- **Stored data**
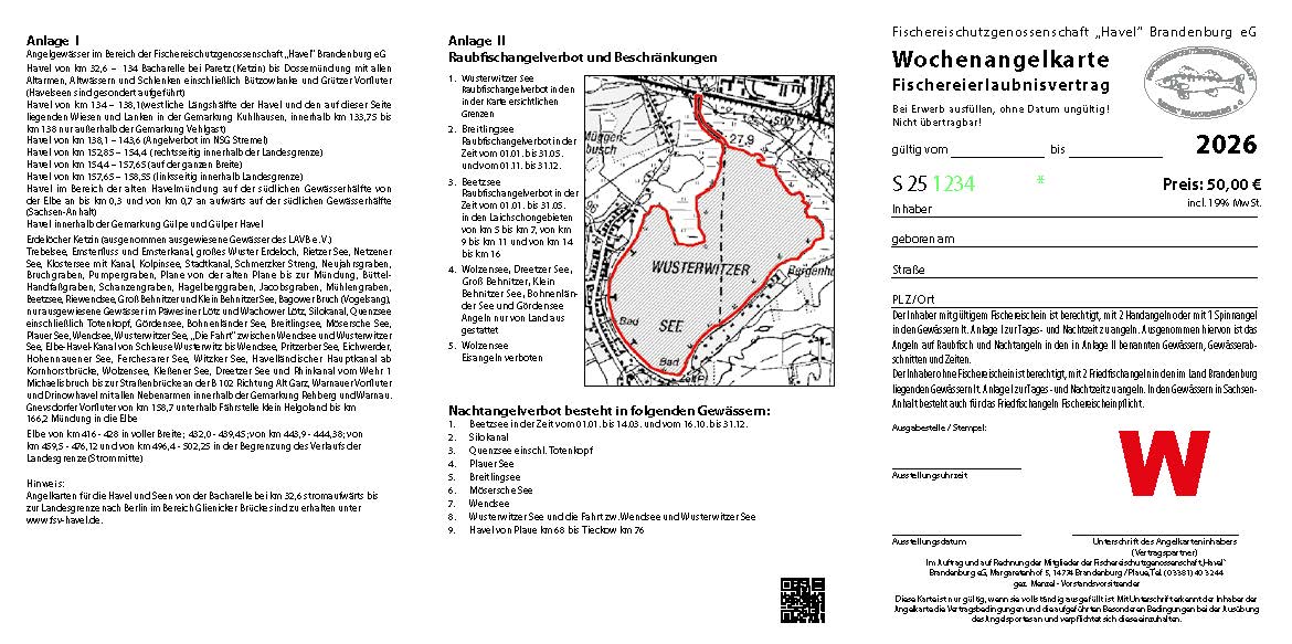 Angelgewässer "Havel, Seen und Elbe" im Bereich der Fischereischutzgenossenschaft „Havel“ Brandenburg eG, Anlage I
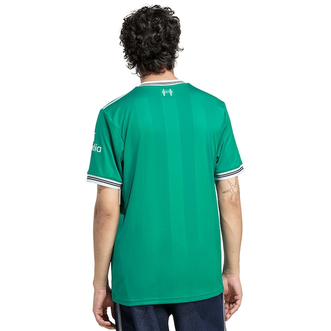 Mostre sua paixão e vista o orgulho dos Reds com a Camiseta Adidas Liverpool 3 FC 25/26 Masculina. Assinada pela Adidas, esta peça de terceiro uniforme traz um design moderno em tom de verde e detalhes sutis que homenageiam a rica tradição e história do Liverpool.
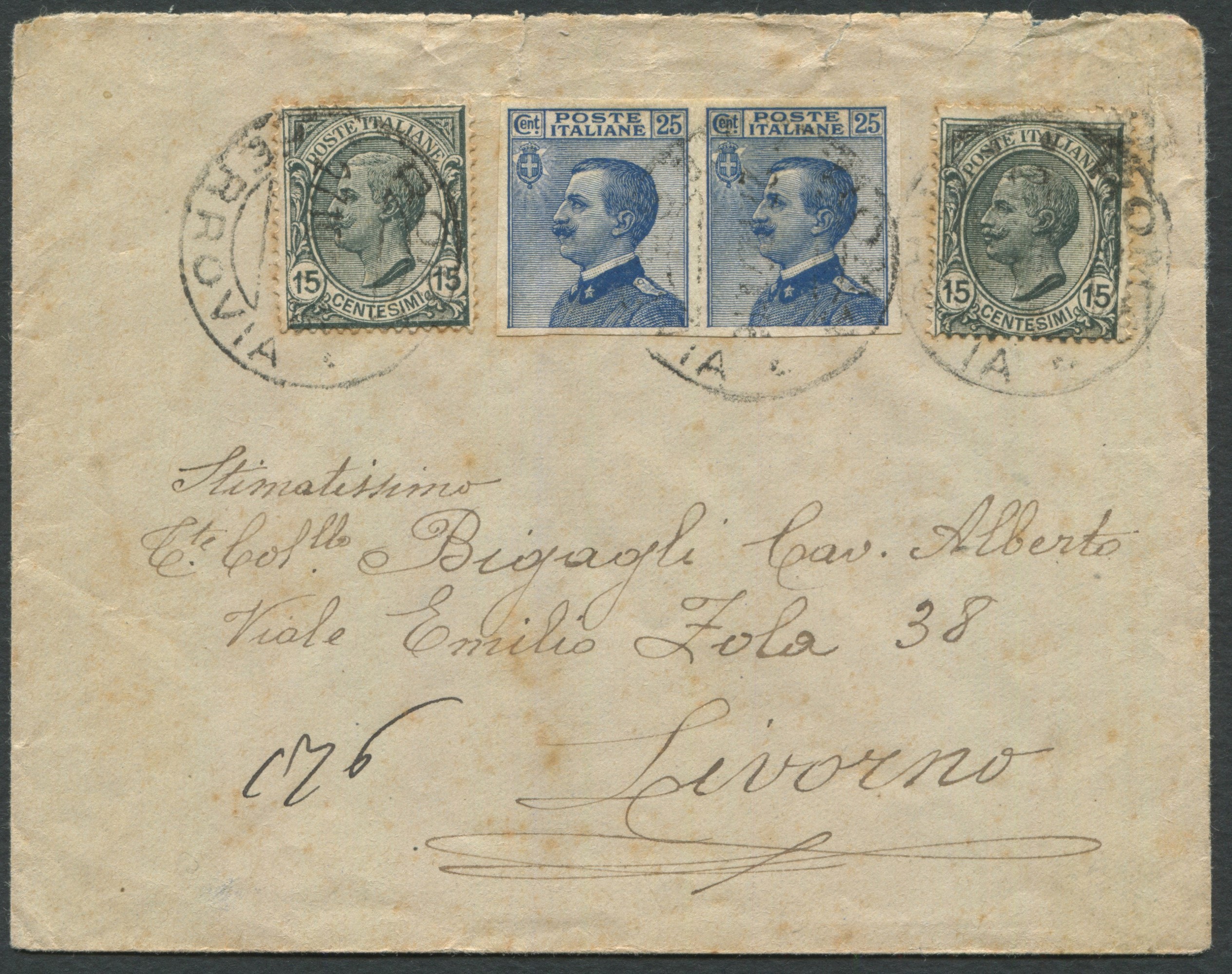 1917 - Regno d’Italia - Letterina da Roma a Livorno affrancata con coppia del 25c. azzurro “Michetti” non dentellata (Sass. 83e).
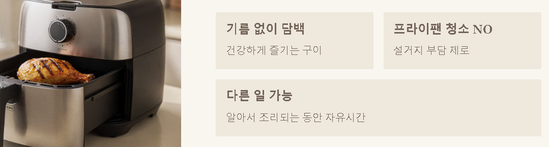 기름기 없이 담백하게 먹고 싶지만 프라이팬 청소하기는 번거로울 때 있죠? 그럴 땐 에어프라이어가 효자 노릇을 해요. 온도만 맞춰두면 알아서 조리되니 그사이에 다른 집안일을 볼 수 있어 참 실속 있답니다.
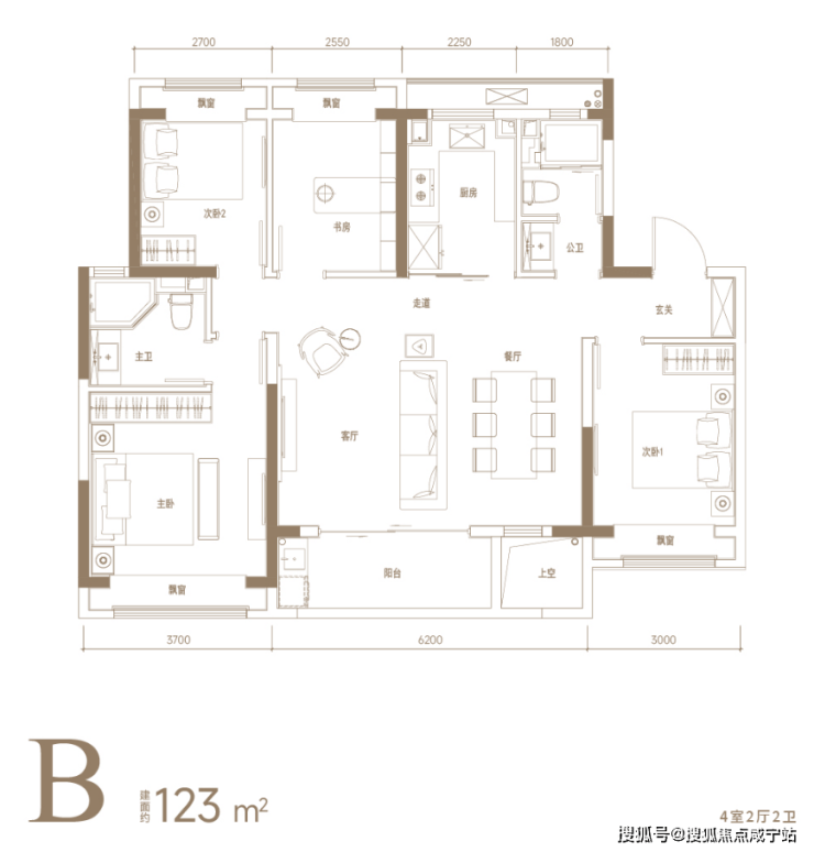 建面约123㎡做到了4房,且客厅面宽达6.2米,主房间宽达3.7米,且北面2间小房间根据需求可打通。
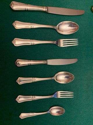 Raro servizio antico da 6 in argento 800, firmato F. Broggi. Anni 50 Design elegante e raffinato. Punzonato ogni pezzo come fa foto VALUTO OFFERTE 45 pezzi - vedi foto Peso totale kg 3.375 (di cui coltelli grandi 684 gr. Piccoli 455 ) compreso il grande e pesante mestolo + cucchiaio grande e forchetta grande x legumi e insalate Ogni pax è composto da 7 posate Più il grande e pesante mestolo E' come nuovo! senza alcuna imperfezione! Ovviamente la vendita non è a peso perche' si deve tener presente anche la manifattura degli argentieri F lliBroggi
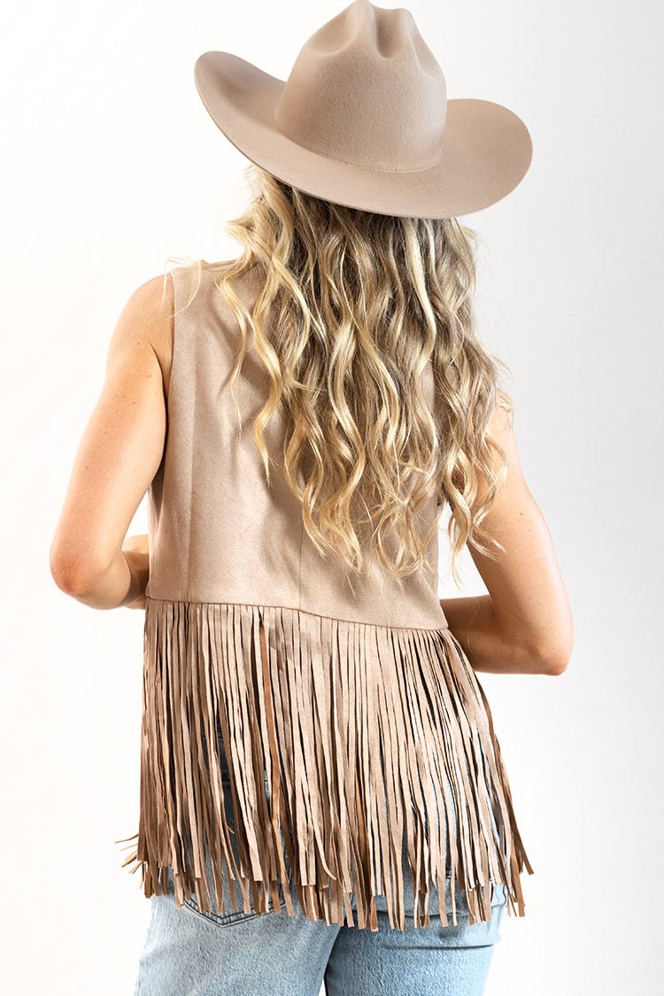 Layer on western charm with this brown faux suede fringe vest. The open front and soft suede give it an easy drape, while the fringe adds movement and personality. This layering piece is perfect for festivals, nights out or elevating a simple jeans-and-tee look.
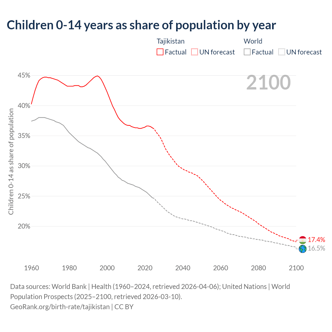 Tajikistan has a birth rate of 26.1 (annual births per 1,000 people) and a fertility rate of 3.07 (the average number of children a woman is expected to have over her lifetime based on current age-specific birth rates).
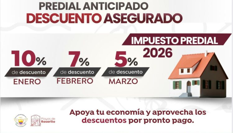 El 10° Ayuntamiento de Playas de Rosarito invita a las y los contribuyentes a realizar el pago del impuesto predial 2026, aprovechando los descuentos por pronto pago, los estímulos dirigidos a grupos prioritarios y la atención personalizada que se brinda a través de una ventanilla especial en la Dirección de Catastro Municipal.
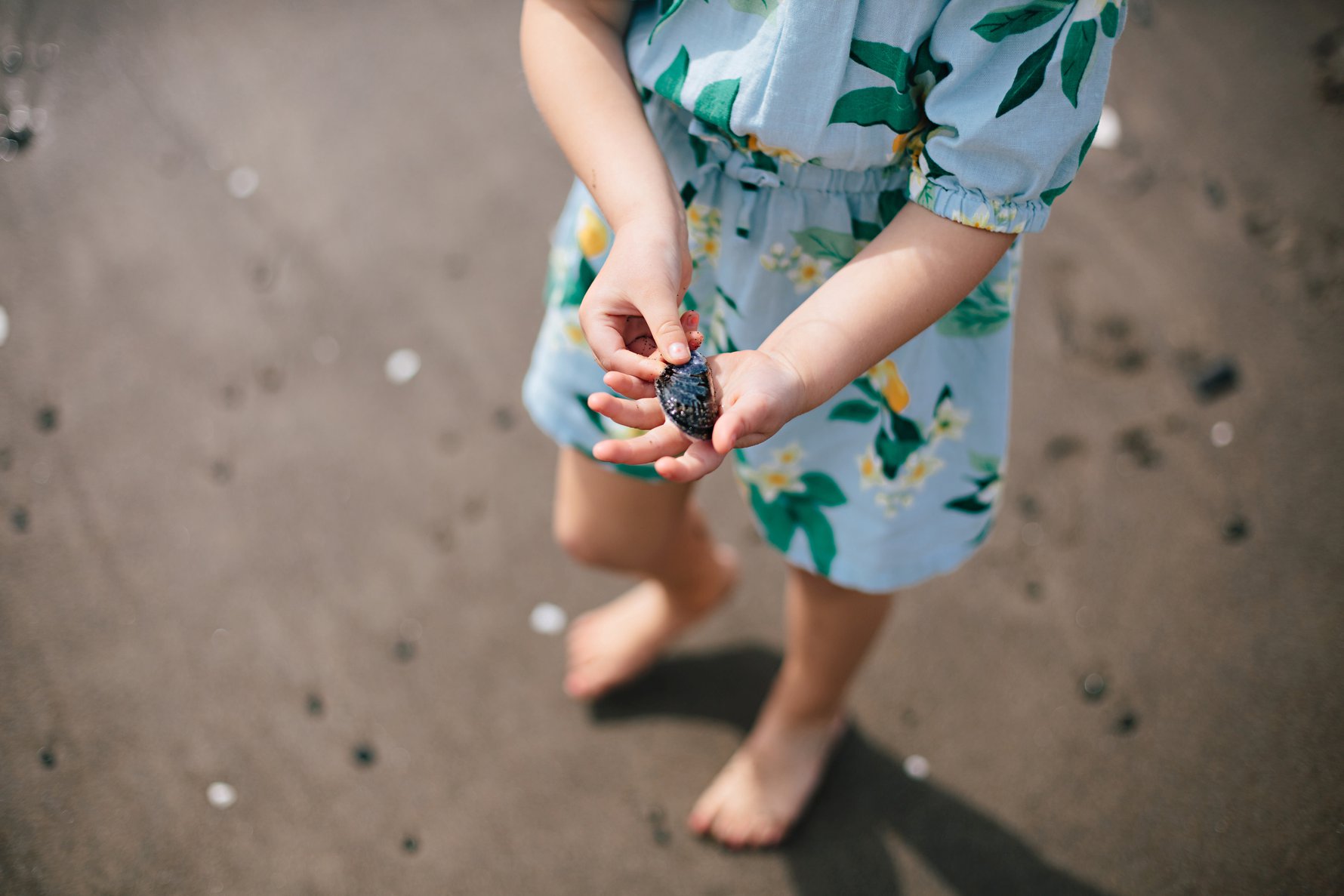 Isla was thrilled to discover two large clam shells and instantly squealed, “Look, Mom! Booby shells! Just like Ariel!” She then proceeded to describe her grand plan of taking them home, coloring them purple, and using tape and string to create her own “booby shell top” so that she could emulate her favorite mermaid. I love this kid and how quickly she can find inspiration to create. I also had to laugh when she began telling us about her project, because I also made my own seashell mermaid top when I was little.

- **Exercise objective**
Would you please repeat the lines above exactly, from the first line of the listing through the line holding "1917 - Regno", with nothing added and no pictures?

- **Completed task**
 Angelgewässer "Havel, Seen und Elbe" im Bereich der Fischereischutzgenossenschaft „Havel“ Brandenburg eG, Anlage I
 Mostre sua paixão e vista o orgulho dos Reds com a Camiseta Adidas Liverpool 3 FC 25/26 Masculina. Assinada pela Adidas, esta peça de terceiro uniforme traz um design moderno em tom de verde e detalhes sutis que homenageiam a rica tradição e história do Liverpool.
 1917 - Regno d’Italia - Letterina da Roma a Livorno affrancata con coppia del 25c. azzurro “Michetti” non dentellata (Sass. 83e).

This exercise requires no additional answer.